Evening Sale
Live Virtual Auction, 28 May 2024
Evening Sale
About this Item
signed
Notes
In 2005, William Kentridge premiered his commissioned production of Mozart’s Die Zauberflöte (The Magic Flute) at the Royal Theatre of La Monnaie, an opera house in Brussels. As part of his planning for this large-scale production Kentridge created a miniature theatre in his studio to develop his set design and work out the relationship between the live actors and projected stop-animation films. Kentridge’s directorial aid was subsequently exhibited at the Goodman Gallery. The exhibition also included working drawings and fragments used in creating animations for the opera. This drawing, which derives from that exhibition, presents a series of preliminary studies for the intricately layered physical proscenium that Kentridge used to surround the central stage space.

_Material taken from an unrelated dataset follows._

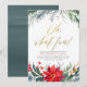 Invite friends or colleagues to celebrate the season with these elegant holiday party cards. The design features "Oh, what fun!" in beautiful gold script lettering, with your party details below in simple typography. The text is framed by a hand-painted border of fir, pine, winter berries, lush greenery, and a red poinsettia flower. These cards reverse to a peaceful teal watercolor image. Easily edit the front text with your party information!

The drawings rhythmically repeat motifs (stage curtains, tropical palms) in a dominant chromatic hue of charcoal black. The sober tone is consistent with Kentridge’s contemporary reading of Mozart’s opera. ‘Mozart wrote Die Zauberflöte in 1791, when an optimism and clear belief in the Enlightenment were possible,’ Kentridge told an audience at Harvard University in 2012. ‘Such an optimism is no longer available. Not just the individual monsters of history but the calamitous history of colonialism, the primary political manifestation of the Enlightenment, are both object lessons we cannot ignore.’1 Kentridge’s use of charcoal as a thinking tool for manifesting these thoughts in his stage design points to the remarkable utility of charcoal in Kentridge’s creative universe.
1 William Kentridge (2014) Six Drawing Lessons, Massachusetts, Harvard University Press. Page 48.